Take soy milk. In the Tesco longlife milk aisle, you can choose between: first, Tesco Calcium Enriched Soya Drink (at 63p a litre), your basic average soy milk; second, Tesco Organic Unsweetened Soya Drink (at 99p a litre), a premium-looking product with a price tag to match; and third, Tesco Value Unsweetened Soya Drink (60p a litre) with its no-frills packaging. Yet if you look at the small print, you will see that the Value soy milk is organic too. In other words, you are being offered a choice between spending 60p on organic soy milk that doesn’t appear to be organic or 39p more for the organic soy milk that loudly trumpets the fact. By paying that 39p, you are effectively admitting that organic food is simply an idea to you. It is an idea that says wealth and health (whereas “Value” is an idea that says poverty). This is the reductio ad absurdum of “organic” as a brand.

However morally-driven we might all pretend (and like) to be, people like Megan McArdle are a rarity.  For the vast majority of us, buying organic is a way of tickling our egos or showing off to our dinner-party guests.  If we actually end up easing the living conditions of the creatures we eat, that’s a largely unnecessary bonus, because it’s the label that counts.  This is not unique.  In a very real way, buying organic food is much the same as buying “fair trade” food.  We’re buying the highly-visible feel-good factor.  Don’t believe me?  Here’s another titbit of evidence.  Bee Wilson notes:

In the US, [t]he USDA allows many more nonorganic ingredients to be used in “organic” food than are permissible in the UK. Last year, there was outrage when the USDA certified Anheuser-Busch’s Wild Hop Lager, which included hops sprayed with pesticides and grown with chemical fertilisers, as an “organic” beer.
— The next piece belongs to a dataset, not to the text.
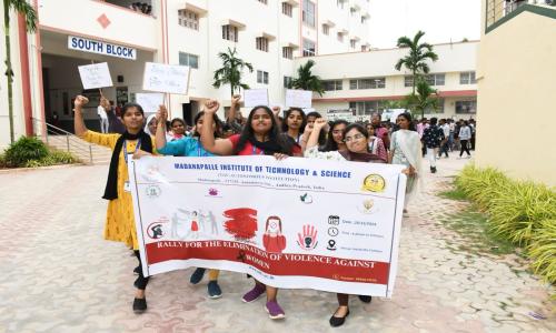 నమిత న్యూస్ - Andhra Pradesh / Annamayya : మదనపల్లె - నవంబర్ 25 : మదనపల్లె ఇన్స్టిట్యూట్ ఆఫ్ టెక్నాలజీ & సైన్స్, మదనపల్లె నందు మహిళలపై హింస నిర్మూలన కోసం ర్యాలీ ని నిర్వహించారు. కళాశాల లోని మిట్స్ సోషల్ రెస్పాన్సిబుల్ క్లబ్ వారు కళాశాల ప్రాంగణం లో ఈ ర్యాలీ ని నిర్వహించారు. కార్యక్రమం లో కళాశాల ప్రిన్సిపాల్ డాక్టర్ సి. యువరాజ్ మాట్లాడుతూ ప్రస్తుతం మనం టెక్నాలజీ పరంగా గాని, ఆర్థికంగా గాని, అభివృద్ధిలో గాని, ఇతర అంశాలలో మనం ఎంతో పురోగతి సాధించామని, కానీ మహిళలపై హింసాత్మక చర్యలు రకరకాలుగా ఇప్పటికీ చూస్తూనేఉన్నాం అని అన్నారు. మహిళలపై హింస నిర్మూలన దినోత్సవం సందర్భంగా ఏర్పాటుచేసిన ర్యాలీని ఆయన ప్రారంభించారు. పని ప్రదేశాల్లో మహిళలపై లైంగిక హింస, సైబర్ నేరాలు, మానసికంగా వేధించడం వంటి అంశాలతో పాటు మహిళల ఆర్థిక పురోభివృద్ధి, సాధికారత, ఆరోగ్యం, పౌష్టికాహారం తదితరాలపై అవగాహన కల్పించడం ఈ ర్యాలీ యెక్క ముఖ్య ఉదేశ్యం అని అన్నారు. కార్యకమం లో విద్యార్థులు, క్లబ్ కో ఆర్డినేటర్ షాయీజ్ అహమ్మద్, సాక్ కో ఆర్డినేటర్ డాక్టర్ జి. రెడ్డి హేమంతా తదితరులు పాల్గొన్నారు.

Wild Hop Lager does get lampooned, but not because they failed to make their product truely organic.  People bag it because it’s a bad beer.  Here are it’s reviews on RateBeer.com, BeerAdvocate.com and hop-talk.com.  Notice that none of them are rejecting it because of it’s judicious use of the word “organic.”  They’re rating it on the basis of what makes a good beer.  The closest we get is from the latter, saying:

Why is it awful…? Because once again a megabrewery is trying to make a product that looks like a craft brew, yet they are pouring their money into marketing it and not into making it.

… which is really saying nothing about the desirability of environmental sustainability or the avoidance of man-made chemicals.  If Anheuser-Busch produced a not-at-all organic beer that nevertheless tasted good this reviewer would be all over it.